Hans Sandström is the Engineering Manager – Integrations at Oneflow. Starting his career in web development, Han’s moved into embedded development, working with IoT. After shifting into more of a team building focus, Hans set himself up for a career that would lead him to Oneflow.
“I make sure we have the vision and then I gather 10 different people from different backgrounds with different objectives and get them to work towards the same goal. It’s not always easy.”
Currently taking Oneflow on that journey, Hans is working on scalable solutions that can make use of powerful cloud software while still protecting user data. Making all these choices and bringing all these things together make Hans somewhat of an architect.

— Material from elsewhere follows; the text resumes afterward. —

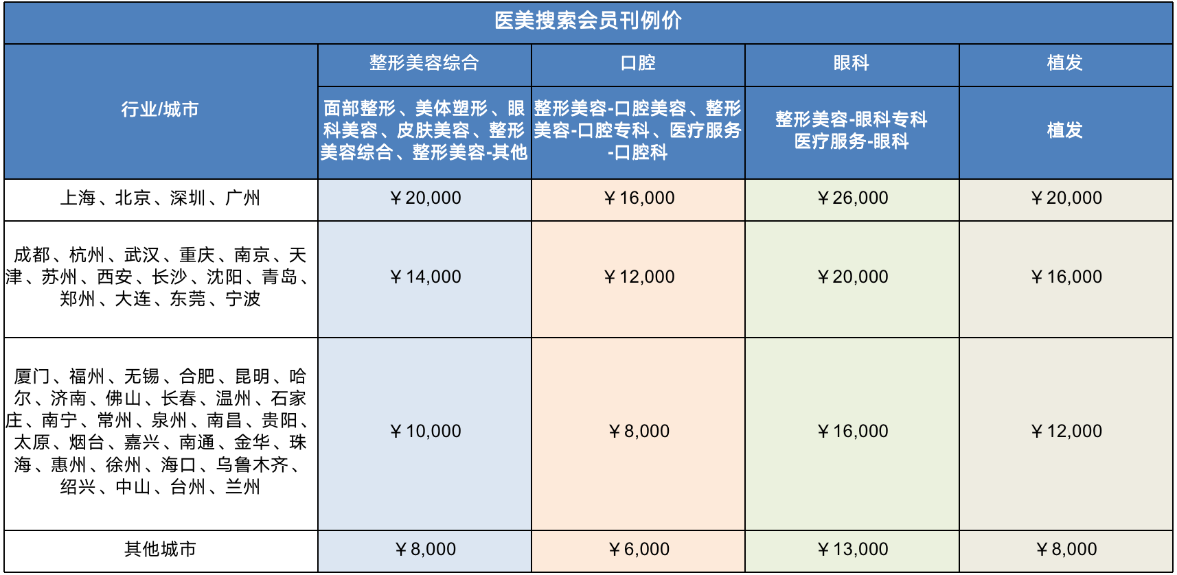 整形美容行業客戶支持購買本地店鋪會員(下文簡稱為醫美搜索會員),為購買了會員的客戶提供本地搜索流量。當用戶在百度APP搜索醫美相關關鍵詞時將有機會展現客戶阿拉丁卡片,向用戶推薦客戶產品。覆蓋整形美容全行業,包括口腔、眼科、整形美容綜合、植發。
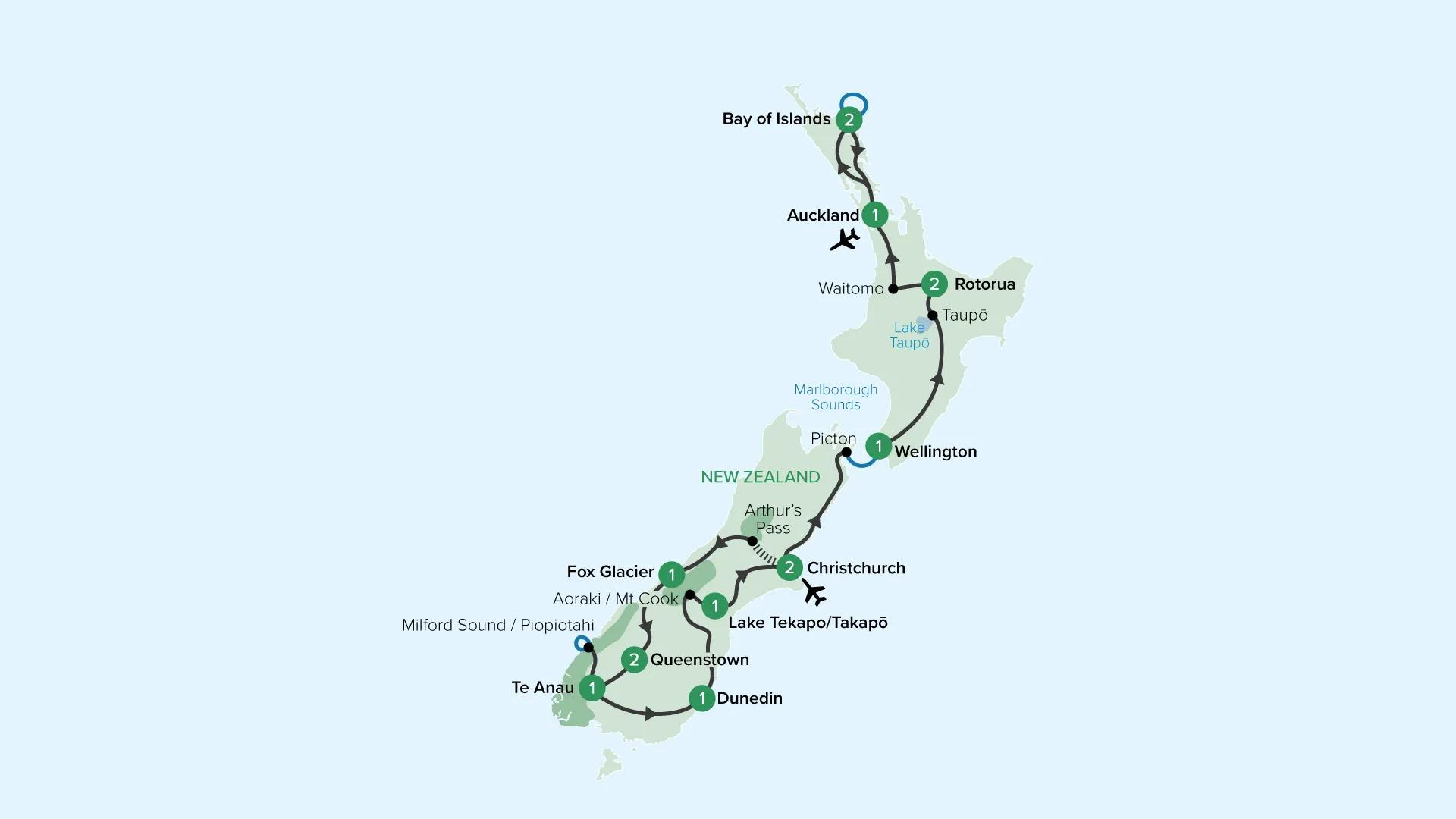 After breakfast, return to Auckland for your transfer to the airport, marking the end of your journey with us.

“Anyone can build a small dollhouse, but it’s really hard to build a skyscraper basically. It’s really tricky both in terms of the computer software system architecture and then in terms of teams, and all these interfaces between people and different teams and different departments and whole sort of bureaucracy that can come with when you scale a company.“
Oneflow wants to revolutionise the way we approach digital contracts. Hans’ team sits at the heart of that and ensures that data flows between systems for both pre-contract and post-contract to provide the customer with a smooth process for contract management.
Right now, Hans and his team are working on adding more and more integrations while maintaining the smooth process they’ve already developed for their customers.
“When you have an API, it’s about making sure it’s as easy as possible to understand – not just for developers, but for decision makers too.”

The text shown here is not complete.